Denmark has secured a significant victory early in its EU presidency by pushing for the integration of defense priorities into the core of the EU’s economic policy. This move comes as the EU begins crucial negotiations on its next seven-year budget, setting the stage for defining Europe’s future political and economic direction.
The agreement, spearheaded by Denmark, allows EU countries to redirect a significant portion of the budget, specifically the EU’s structural funds, towards defense and security initiatives. These funds were originally earmarked for public investments in green transition, entrepreneurship, innovation, and social inclusion.
This redirection represents a notable shift in the EU’s approach, potentially channeling billions of euros towards addressing Europe’s security challenges.

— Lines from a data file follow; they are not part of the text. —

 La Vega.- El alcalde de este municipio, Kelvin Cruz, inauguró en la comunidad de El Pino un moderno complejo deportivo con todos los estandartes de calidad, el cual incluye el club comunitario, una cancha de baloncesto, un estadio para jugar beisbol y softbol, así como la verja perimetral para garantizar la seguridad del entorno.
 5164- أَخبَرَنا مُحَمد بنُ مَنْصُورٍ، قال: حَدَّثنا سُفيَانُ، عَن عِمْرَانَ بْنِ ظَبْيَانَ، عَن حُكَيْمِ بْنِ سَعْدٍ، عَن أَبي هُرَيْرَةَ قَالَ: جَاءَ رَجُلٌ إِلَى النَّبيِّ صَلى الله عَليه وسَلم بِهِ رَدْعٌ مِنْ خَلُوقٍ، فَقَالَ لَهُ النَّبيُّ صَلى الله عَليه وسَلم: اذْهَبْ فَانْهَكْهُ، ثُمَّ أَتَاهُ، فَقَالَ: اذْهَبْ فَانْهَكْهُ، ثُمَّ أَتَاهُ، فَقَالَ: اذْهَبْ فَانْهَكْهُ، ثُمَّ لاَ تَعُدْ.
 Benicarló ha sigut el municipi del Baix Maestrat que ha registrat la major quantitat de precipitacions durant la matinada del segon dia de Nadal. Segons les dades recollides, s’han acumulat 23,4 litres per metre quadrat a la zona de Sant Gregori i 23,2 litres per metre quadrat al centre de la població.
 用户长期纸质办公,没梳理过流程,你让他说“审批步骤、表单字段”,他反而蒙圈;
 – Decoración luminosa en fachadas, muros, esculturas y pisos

The agreement circumvents a fundamental limitation within the EU treaty, which historically viewed financing weapons and military equipment as a breach of the Union’s founding values as a peace project.

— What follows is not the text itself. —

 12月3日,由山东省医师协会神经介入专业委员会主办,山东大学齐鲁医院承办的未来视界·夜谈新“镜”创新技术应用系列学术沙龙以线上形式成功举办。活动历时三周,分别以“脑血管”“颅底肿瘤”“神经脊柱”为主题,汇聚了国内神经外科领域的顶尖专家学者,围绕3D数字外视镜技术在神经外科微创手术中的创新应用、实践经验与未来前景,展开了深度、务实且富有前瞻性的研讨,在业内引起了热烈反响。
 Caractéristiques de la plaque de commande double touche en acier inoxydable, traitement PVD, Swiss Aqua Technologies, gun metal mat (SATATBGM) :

The European Commission’s budget proposal suggests an increase from the current 1.2 trillion euros to 2 trillion euros for the period between 2028 and 2034. While substantial in monetary terms, this increase corresponds to a rise from 1.13 percent to 1.15 percent of the EU countries’ total gross income. Many member states often do not fully utilize their allocated structural funds, with an average utilization rate of 90 percent in the last seven-year period. This agreement provides an avenue for redirecting these unused funds towards defense, security, and competitiveness.
Countries like Italy and Spain, major recipients of structural funds, could see pressure to increase their defense spending. The agreement has faced some opposition, particularly from countries like Spain, where the perception of the threat from Russia is less pronounced.